Well, I opted to put aluminum angle pieces on today, had to drill ad tap a second bolt hole on the left part of base. transferred right hand holes to the angle piece. Used a 41/2 angle grinder with cut off disc to trim corners on inside of angle pieces…....very solid fence, back to hardwood floor job. Took me an hour to put it all together.


----------



## runswithscissors (Nov 8, 2012)

I broke part of the fence on my Hitachi SCMS. My own fault. My mistake was to have the blade touching the work (may have been aluminum, not wood-don't remember for sure). Unlike an induction motor, which doesn't have a lot of startup torque, a universal motor has huge startup torque. I had to search around the shop to find the broken pieces. Eventually I bought a replacement part.

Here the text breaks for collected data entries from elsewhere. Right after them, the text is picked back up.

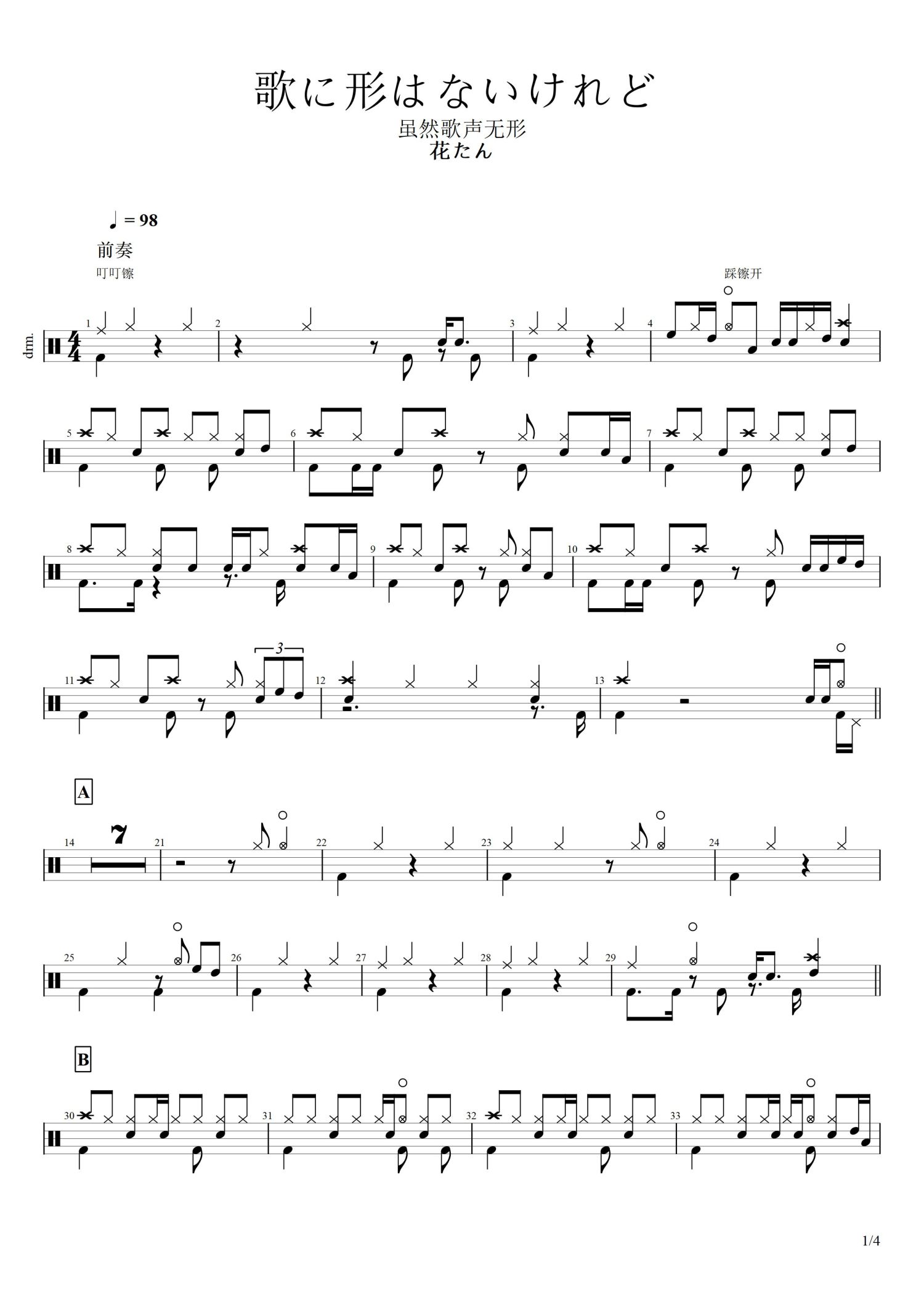 当前位置:琴谱网>架子鼓谱>花たん-歌に形はないけれど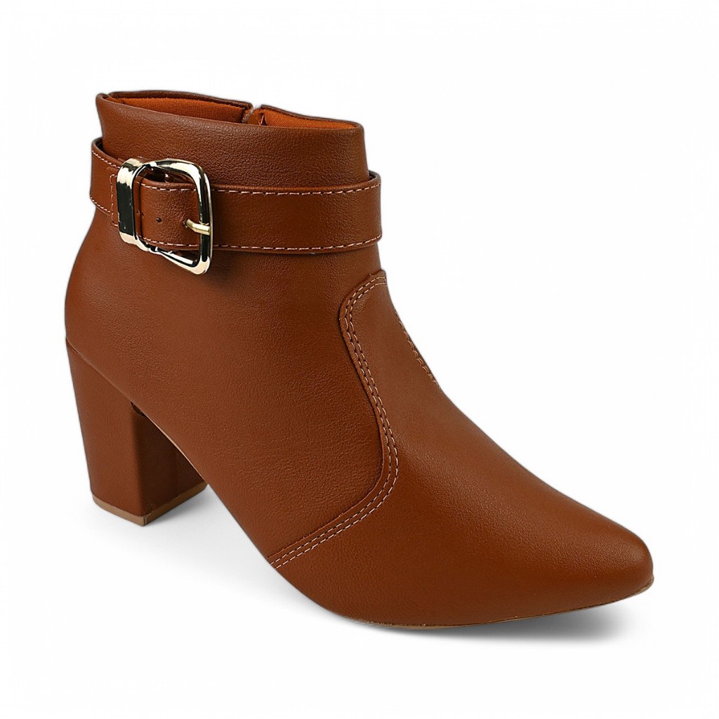Bota Feminina Bico Fino Salto Grosso Fivela Removível e Ziper Lateral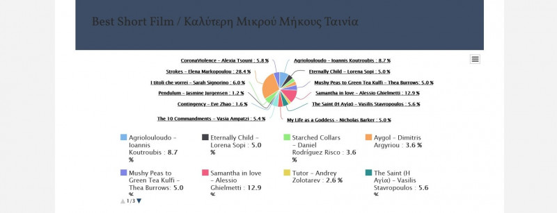 Το Φεστιβάλ επικεντρώθηκε στους κινηματογραφικούς μονόλογους και τις μικρού μήκους ταινίες και στο πρόγραμμά του υπάρξε και διαγωνιστικό τμήμα, με έξι βραβεία από την κριτική επιτροπή και τρία βραβεία κοινού. (Δείτε εδώ).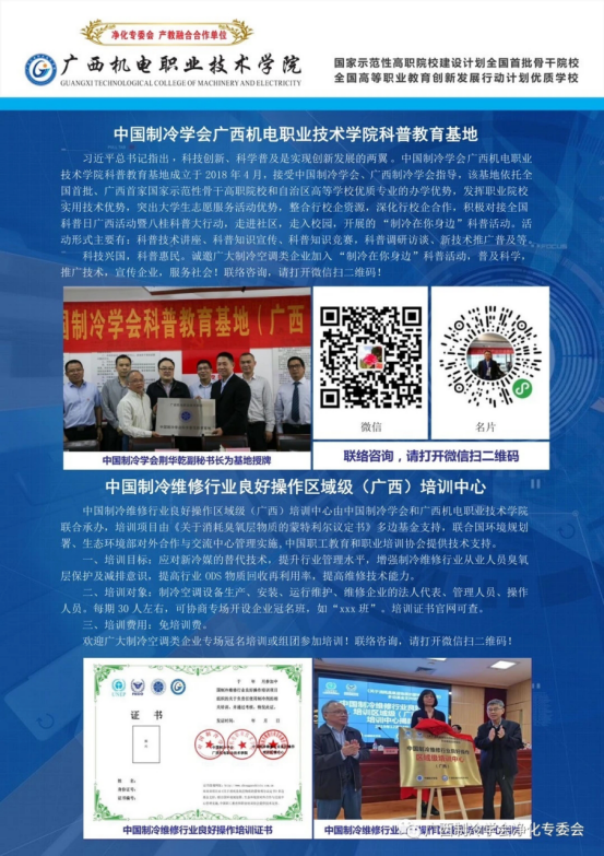 近期,广西净化行业资讯2020首刊发布,积极促进学术交流,推介优质服务,深化产教融合,专版为我院推介中国制冷学会AC米兰中国官网科普教育基地和中国制冷维修行业良好操作区域级(广西)培训中心。我系党总支书记、供热通风与空调专业带头人刘义军受邀为首刊致贺词。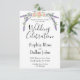 Um design elegante e vintage com rosas cor-de-rosa, eucalipto e lavanda pintados em românticos Convites de Casamento com Cor de Água.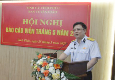 Sáng 25/5, Viện Kỹ thuật Hải quân và Ban Tuyên giáo Tỉnh ủy Vĩnh Phúc tổ chức Hội nghị thông tin về biển đảo bằng hình thức trực tuyến với 9 điểm cầu cho gần 800 đồng chí là cán bộ tuyên giáo và đội ngũ báo cáo viên, tuyên truyền viên của tỉnh.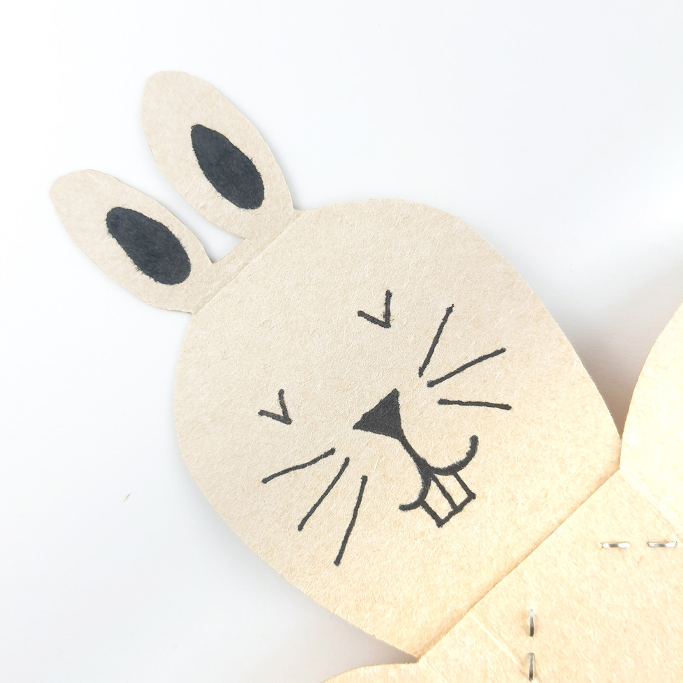 Zeichne deinem Hasen ein Gesicht. Nutze dazu einen schwarze Stift der nicht zum "verlaufen" neigt. Am Besten an einem Reststück vorher austesten.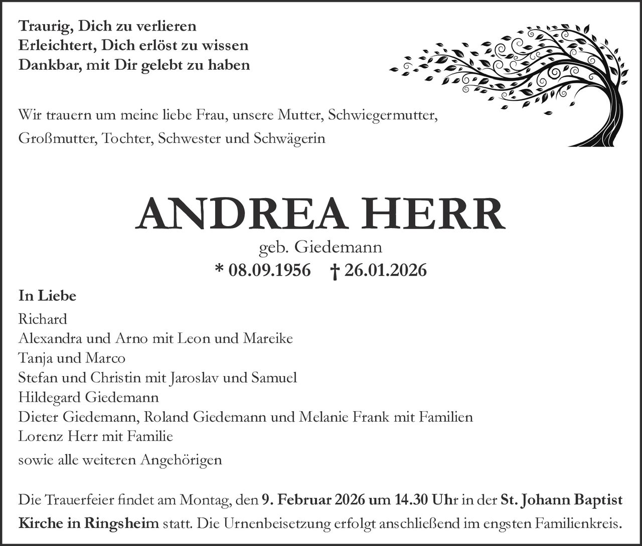 8. September 1956 - 26. Januar 2026

Anyhow, that's something to watch out for on a miter saw: don't let the blade touch until it''s up to speed.l


----------



## TongueAndTeak (Jul 24, 2014)

I see this is an old thread but in case anyone needs Kobalts direct number. I just contacted the Lowe's power tool customer service desk at 1-888-775-6937 and they transfered me over to Kobalts direct service 1-888-356-2258.

The customer service rep for kobalt told me that since my issue was a safety related issue (blade guard keeps sticking anyimte I make a cut) that they should exchange it at the lowes store. Worth a shot to contact the manager at the lowes store and state it's a safety issue.


----------